Rockets are flying from Gaza into southern Israeli communities again. Israeli warplanes are firing missiles back, and Israel is closing the crossings through which food and fuel are supplied. The United Nations agency that feeds Palestinian refugees in Gaza says its stocks of flour are exhausted. In other words, the six-month truce that Israel and Hamas, the militant Palestinian leaders of Gaza, agreed to on June 19 is over. On Friday, Hamas officially declared in a statement that the ceasefire had expired, saying the truce would not be renewed because Israel was failing to fulfill its "fundamental conditions and obligations." The end of the truce was greeted by relative calm, with only a scattering of rocket attacks and no major Israeli military activity. Officials and analysts on both sides say that things are likely to deteriorate further in the short term, but that both sides need the truce, so they will probably grope their way back to it. The question is how soon and after how much suffering.

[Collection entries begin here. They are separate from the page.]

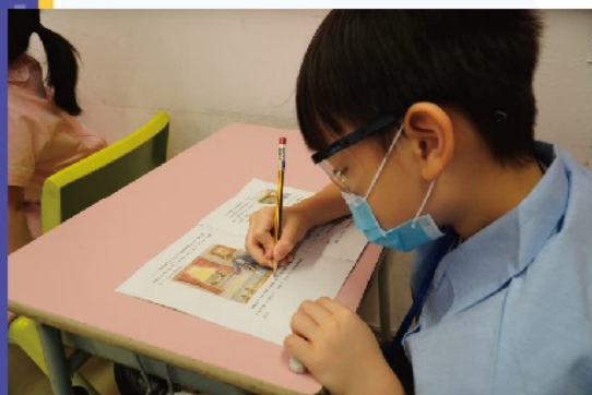
同學正認真地在繪本小冊子上找出單數

本校就數學繪本教學的教研成果及教學心得，曾在不同的教育刊物中分享，期望除了學生能從計劃中得益外，教師亦能從中成長。
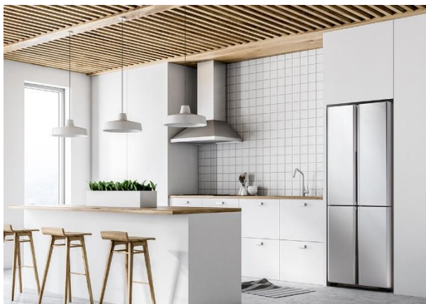
AQR-TZ42K 左: (S) サテンシルバー

アキュ株式会社(本社:東京都中央区、代表取締役社長 兼 CEO:杜 鏡国)は、世界的プロダクトデザイナー深澤直人氏のデザインによる、うす型設計の冷凍冷蔵庫「TZ シリーズ」より新商品 AQR-TZ42K を 4 月 15 日(木)に発売します。
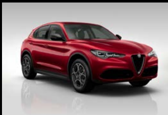
Červená Alfa (5CA-414)
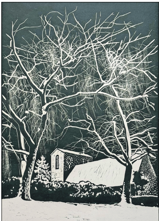
Die Darstellung der Altenhainer Kirche von Rudolph Schucht stammt aus dem Jahr 1981.
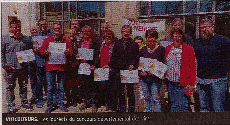
VITICULTEURS. Les lauréats du concours départemental des vins.

« La puissance touristique de l'ancienne région Auvergne n'est plus à démontrer. Il y a chez nous des produits locaux à déguster, des fromages bien sûr, mais aussi des vins », a rappelé en substance Yvan Bernard, président du syndicat AOC côtes-d'auvergne, avant de dévoiler le programme de la saison œnotouristique 2019 avec deux nouveautés : un Festi Wine et la volonté de décrocher le label « vignoble et découverte ».
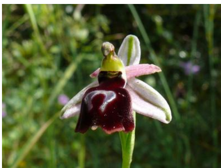
Ophrys ferrum - equinum
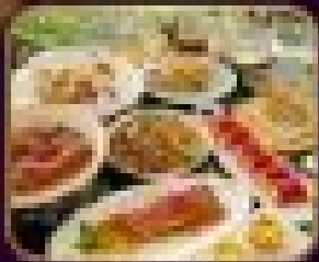
อาหารจีน 4 วัน
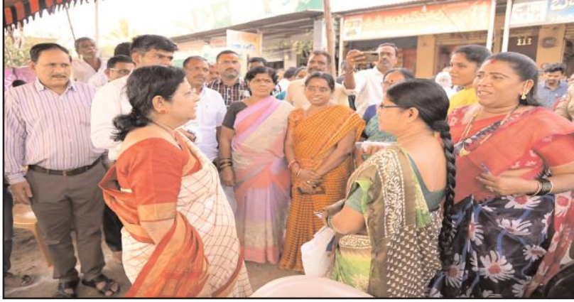
శేషాద్రి, ప్రజాప్రతినిధులు, సంబంధిత శాఖల అధికారులు తదితరులు పాల్గొన్నారు.

చేపట్టిన ప్రజాపాలన కార్యక్రమంలో 6 గ్యారంటీల పథకాలను అర్జులైన ప్రతి లబ్ధిదారుడికి అందేలా చర్యలు తీసుకోవడం జరుగుతుందని తెలిపారు. గ్రామపంచాయతీలు, మున్సిపాలిటీలలో నిర్వహిస్తున్న ప్రజాపాలన కార్యక్రమాన్ని అర్జులైన లబ్ధిదారులు సద్వినియోగం చేసుకోవాలని, సంబంధిత అధికారుల ద్వారా దరఖాస్తు ఫారాలు అందించడం జరుగుతుందని, దరఖాస్తుదారులు ముందస్తుగానే తమ దరఖాస్తును నింపి వార్డు / గ్రామ సభ వద్దకు రావాలని, దరఖాస్తుదారులు నిజమైన సమాచారాన్ని ఫారములో పొందుపర్చాలని, తద్వారా అర్హత గల లబ్ధిదారులకు న్యాయం
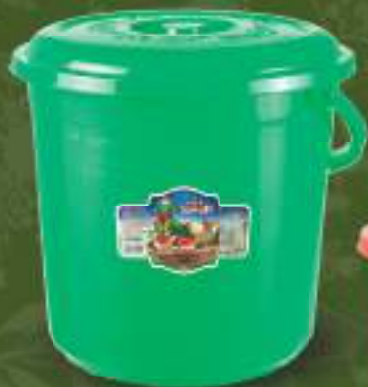
Бид зачин 10кг. кофа шифра: 6
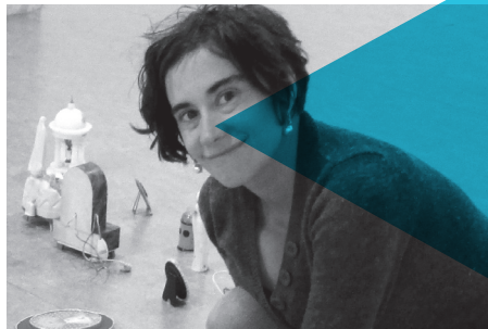
NEREA DE DIEGO BILDUMAREN ESZENARATZEA PUESTA EN ESCENA DE LA COLECCIÓN ELIZBARRUTIKO MUSEOA / MUSEO DIOCESANO
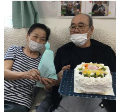
ハッピーバースディ
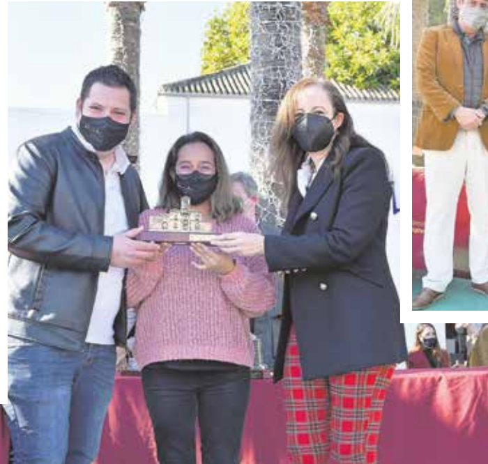
El restaurante Dámadá Aljarafe ganó la IX edición de la Ruta de la Tapa
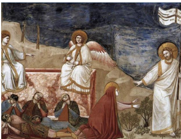
Slika 2: Giotto, Uskrsnuće , 1304.-1306. [16]

Ciklus fresaka Scrovegni ide preko trenutaka koji neposredno prethode Kristovom stradanju i Uskrsnuću. Cijela scena Uskrsnuća sjedinjava, u jednoj jedinoj slici, temu praznog groba nad kojim lebde anđeli i temu javljanja uskrsnuloga Krista Mariji Magdaleni. Na žalost, gornji dio freske je uništen. Pod naknadnim, premazom nestale su krošnje drveća s lijeve strane, ali je sačuvana uzdržana, zamišljena, apstraktna atmosfera koja kao da, u skraćenim i nepomičnim figurama vojnika što spavaju, anticipira mirnu viziju Piera della Francesca. Giottova freska Uskrsnuće nastala je u razdoblju od 1304. do 1306. godine. Prikaz teme Uskrsnuća je postavljen u formatu gotovo kvadratnog oblika. Jasnim odnosom svjetla i tame formirana je vodoravna podjela preko zida. Cijelina prizora je smještena u visini točke gledišta gledatelja, što omogućava da pogled promatrača dopre u samu intimnost trenutka. Boja neba je sačinjena emotivnim potezima kista uronjenog u sivu, crnu i plavu boju. I ovdje su prikazani detalji prirode, grmlje i stablo malih dimenzija.

Israel and Hamas accuse each other of bad faith and of violations of the Egyptian-mediated accord, and each side has a point. Rockets from Gaza never stopped entirely during the truce, and Israel never allowed a major renewed flow of goods into Gaza, crippling its economy. This is at least partly because the agreement had no mutually agreed text or enforcement mechanism; neither side wanted to grant the legitimacy to the other that such a document would imply.


There was more of Bronner's bizarre balancing act between Israel and the terrorist group, as if what they think of each other is equally valid.


Hamas considers Israel an illegitimate state and is doctrinally committed to its destruction, while Israel views Hamas as a terrorist group that must be dismantled. Yet each needs the other to hold its fire. That is why negotiations over another truce have started, again through Egypt. Separately, the Palestinian president, Mahmoud Abbas, was due to hold what is likely to be a final meeting with President Bush in Washington on Friday to discuss peace negotiations. He had called for Hamas to renew the truce.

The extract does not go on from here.